Holt adds: “This kind of animosity with its real roots due to the competition in the economy was the main reason” for the anti-Muslim riots. He says the emergence of the Jatika Chintanaya in the late 1970s was a sophisticated version of Sinhalese-Buddhist nationalist ideology, which was much like the Hindutva in India and Talibanist Islamism in the Muslim world.

He believes that “the development of religious and ethnic consciousness has led the Muslims to seek a separate cultural identity based on the fundamentals of their religion Islam to differentiate themselves from other Sri Lankan ethnic groups.”

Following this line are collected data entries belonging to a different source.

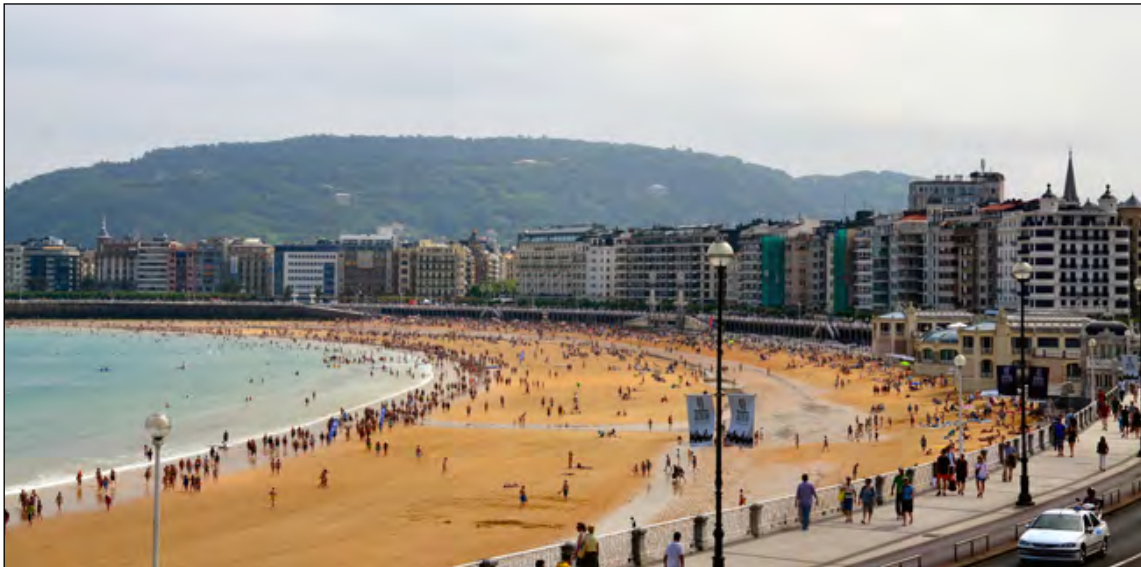
The crowd walking from La Concha to Ondarreta Beach and back on a beautiful “beach day”

Cross the Urumea river via the Zurriola bridge, which you take you to the Alameda del Boulevard, which marks the limit between the old and new sections of the city and in summer fills with musicians playing around the gazebo, cyclists and folks filling its outdoor cafés. This avenue will lead you to the Alderi-Elder Park, facing the sea, where you'll see the elegant City Hall, Ayuntamiento, to your right, built in 1882 as a Casino. You'll now be facing stunning La Concha beach.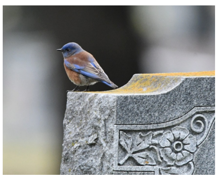
Western Bluebird 28 Nov 2020, Bryan City Cemetery, Brazos Co.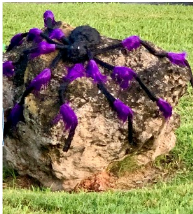
The Spooky Spider

The most extensive and serious anti-Muslim violence since independence in 1948 broke out in June 2014 in Aluthgama, reportedly instigated by the Bodu Bala Sena (BBS) at an anti-Muslim rally. At the time of writing, BBS firebrand – its General Secretary – Galagoda Aththe Gnanasara Thera continues to be in hiding despite being sought by the police on a contempt of court charge.

Professor Holt points out that a category of political Islam that began in the Middle East has emerged in Sri Lanka as an overarching political force. He believes that the de-ethnicisation of Sri Lankan society will be a major challenge for the country.

The book draws attention to the schisms that occurred in the Kandyan kingdom when elite monks pressurised King Kirti Sri Rajasinha to issue a decree that only people of the Govigama caste could be ordained as priests. As a result, those from the Salagama caste who wanted to be ordained travelled to what was then Burma to receive a higher ordination. Upon their return, they established the Amarapura Nikaya.

He compares this to the rise of the Jathika Hela Urumaya (JHU), and how it contested elections to enter parliament and worked with governments to transform them from within.

Although the JHU isn’t affiliated to any specific nikaya, the case of Ven. Omalpe Sobitha’s reaction to the Mahanayake of the Malwatta Chapter asking him to stop his fast unto death in 2005 is cited. The monk had requested the mahanayake to ask the president to stop destroying the country.

The book says that the BBS – like the elite monks of the Kandyan kingdom and those of the early JHU – have invented new methods “to engage in sociopolitically powerful displays of discourse on virtuous governmentality.”

But there’s an interesting question from Holt: “For whom do Gnanasara and the BBS speak? Why have they perceived Muslims to be the new threat against Buddhism at this time, much like the Kandyans saw the British and the JHU saw evangelical Christians in their day?”

Contributions by a Buddhist monk and a Muslim in the book would have introduced different and interesting perspectives.